Это действительно так – и для меня такой находки вполне хватит на всю жизнь! С каких пор я стал вспоминать тот шоколад?.. «Процесс» мне подсунул min danske onkel.[18] С тех самых пор, когда мне бывает очень грустно, вспоминаю ту маленькую ложь маленькой гимназистки. Хотя она и не такая уж маленькая – восемнадцать лет: точно! когда я читал роман, я подумал: интересно, мне тоже восемнадцать, как этой гимназистке…
Мне сорок семь – безобразный, бестолковый возраст!
Останавливаясь на каждом этаже, я думаю о девушке по имени Эрна. Как хорошо, что она выдумана! Никто не сможет ее обидеть. Она никогда не состарится. Не умрет. Я ведь ничего о ней не знаю. Она совершенна… Я задыхаюсь… но лучше не останавливаться… выдуманный шоколад не идет из головы… и хорошо, он помогает не думать о ступеньках…
Сколько раз я вспоминал его! Невозможно сказать… если бы кто-нибудь выдумал что-нибудь подобное для меня, если бы кто-то…
Мне бывало одиноко, так чертовски одиноко! Возможно, как и той девушке по имени Эрна…

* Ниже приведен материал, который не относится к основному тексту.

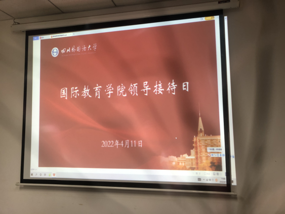 2022年4月11日11:00,四川外国语大学“国际教育学院领导接待日”活动在立德楼B405举行。本次活动由国际教育学院党总支副书记黄茜主持,国际教育学院党总支书记丁欢、院长龙洋以及30余名师生代表参与了本次活动。

Какой она была? Какие у нее были подружки? Вероятно, жадные, ревнивые, подлые… Что было за общежитие? Кто знает… Скорей всего, грязное, бедное, холодное… Учителя были жестокие в те дни, и ей, несомненно, было одиноко, так пронзительно одиноко, что все казалось инопланетным, вещи смотрят на тебя требовательно – ты всем должен, должен! В тебя забирается какая-то гадина и смотрит твоими глазами… На эти стены… Голые стены, дурацкие металлические шкафчики, которые выдержат любое барахло, что понатащат в такие легко растягиваемые до бесконечности комнаты: вот сербский закуток, вот курдский коврик, вот армянская аккуратность, вот русский рюкзак, набитый всяким необходимым барахлом, – в таких комнатах я жил в дни моего датского самоизгнания и вспоминал Эрну особенно часто: эх, нашлась бы среди датчанок такая Эрна, думал я, – пусть не восемнадцатилетняя (что мне с такой молоденькой делать?)…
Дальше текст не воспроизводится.